Mortgage calculation errors—lessons from the Clydesdale saga

Firms need to ensure they put the interests of customers ahead of commercial interests where detriment may arise as a result of the firms’ actions. The recent FCA action against Clydesdale suggests there may need to be a recalibration when weighing up enforcement risk versus pursuit of profit.

 

Clydesdale, which operates under the Clydesdale Bank and Yorkshire Bank brands, is a subsidiary of National Australia Bank. The Financial Conduct Authority (FCA) has fined Clydesdale £8,904,000 for failing to treat customers fairly in relation to mistakes made by the bank in relation to mortgage repayments.

What is the background to the enforcement action?

In April 2009 Clydesdale discovered an error in how it had calculated mortgage repayments for customers with variable rate mortgages. The error came about as a result of Clydesdale’s implementation of a new mortgage repayment calculation system, which caused monthly interest and capital payments to be calculated incorrectly whenever there was an interest rate change.

As a result of the error, incorrect repayments were made on over 42,500 customer accounts. Of these, approximately 22,000 accounts were left with shortfalls because customers made repayments that were insufficient to repay their mortgages by the end of the agreed terms. The calculation error was corrected in 2010.

If the error was corrected, why did the FCA take action?

Guidance from the Financial Ombudsman Service (FOS) produced in 2001 (and therefore relevant at the time the mistake was discovered) described its approach to determining complaints involving ‘mortgage underfunding’. The guidance covered situations where the borrower had made a regular repayment quoted by the lender, but the lender (in this case Clydesdale) had quoted too low a figure. It went on to state that where the lender was entirely at fault it should write off the shortfall that had built up on customer accounts.

While FOS guidance is not strictly binding, the Dispute Resolution Manual of the FCA’s Handbook indicates that FOS guidance and decisions concerning similar complaints were factors that may have been relevant in the assessment of any
complaints that Clydesdale received from customers. Nevertheless, Clydesdale decided not to follow the approach set out in the FOS guidance and sought to recover the shortfall.

For example, letters sent by Clydesdale to customers who had made underpayments gave those customers the impression they had no option but to cover the shortfall in full, even though, depending upon their individual circumstances, they might not necessarily have to cover any capital shortfall arising from the calculation error.
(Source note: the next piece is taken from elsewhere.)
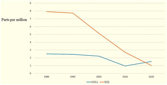 Pollutant levels from 1980 to 2020 for VOCs and SO2.

When customers called Clydesdale’s customer services team to discuss their repayments, the team was not instructed to enquire proactively into customers’ individual circumstances and failed to make it clear to all customers that they might not necessarily have to cover their capital shortfalls. Instead customers’ individual circumstances were only taken into account if the customers themselves indicated that they may have suffered detriment.
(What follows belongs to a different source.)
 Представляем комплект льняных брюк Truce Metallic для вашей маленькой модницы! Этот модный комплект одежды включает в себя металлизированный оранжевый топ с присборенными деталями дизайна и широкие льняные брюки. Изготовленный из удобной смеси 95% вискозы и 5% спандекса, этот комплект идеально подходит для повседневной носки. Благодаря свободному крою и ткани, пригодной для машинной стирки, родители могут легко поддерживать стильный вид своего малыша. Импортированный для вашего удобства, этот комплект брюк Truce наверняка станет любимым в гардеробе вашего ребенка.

Why is this enforcement particularly noteworthy?

The FCA has taken the unusual stance of basing its finding in part on the fact the FCA considers that ‘most’ customers who accrued capital shortfalls would have spent the ‘savings’ they made each month as a result of the error and, accordingly, it would have been unfair to require those customers to make good the capital shortfall. The FCA has not put forward any empirical evidence that most customers had spent the money that would otherwise have been paid to the bank in mortgage payments had mistakes not been made.
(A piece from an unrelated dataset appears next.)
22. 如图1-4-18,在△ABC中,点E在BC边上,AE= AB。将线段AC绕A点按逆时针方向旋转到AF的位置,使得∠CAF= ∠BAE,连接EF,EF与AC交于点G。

In this case Clydesdale drew up a scheme, which would automatically compensate all customers who were left with shortfalls as a result of the error, regardless of whether such customers suffered any detriment. In total, there was a £21.2m shortfall in Clydesdale mortgages, all of which will now be written off by Clydesdale. The FCA has made it clear that were it not for Clydesdale’s proactive steps to create a redress scheme, the fine would have been considerably higher. Clydesdale also received a 30% discount for settling at an early stage of the enforcement process.

In seeking to recover the shortfall in payments from customers, Clydesdale was seeking restitution of the financial gain its customers received. If Clydesdale had properly taken steps to discover if customers had received the financial benefit in good faith (ie they were unaware of the shortfall) and then altered their circumstances as a result of that (ie there is a ‘change of position’ defence available) then such customers would not have needed to repay the benefit. If some customers’ position had not changed as a result of receiving the benefit, the bank may have been able to claw back some of the shortfall and avoid the significant financial penalty imposed by the FCA (although the costs and reputational impact of a case by case check could be too much for the bank, so making a total payout under the scheme could be viewed as being reasonable).

Should other firms be concerned about the action taken by the FCA?

Many firms may view enforcement action and possible fines as a normal risk of doing business. However, the frequency and value of fines meted out by the FCA is on the increase, so perhaps this approach should be reviewed. Firms may put commercial interests before those of their customers and take the commercial view that the possibility of facing enforcement action is worth the risk in the pursuit of profit. The FCA is likely to take a dim view of such a culture if the firm does face enforcement in the end.

If it becomes apparent that a firm is proposing to take steps which put its commercial interests ahead of its customers’ interests, it would be advisable to reconsider, as the costs in putting in place remedial action, as well as the substantial fines that could be imposed, could be significantly higher than the initial commercial gain.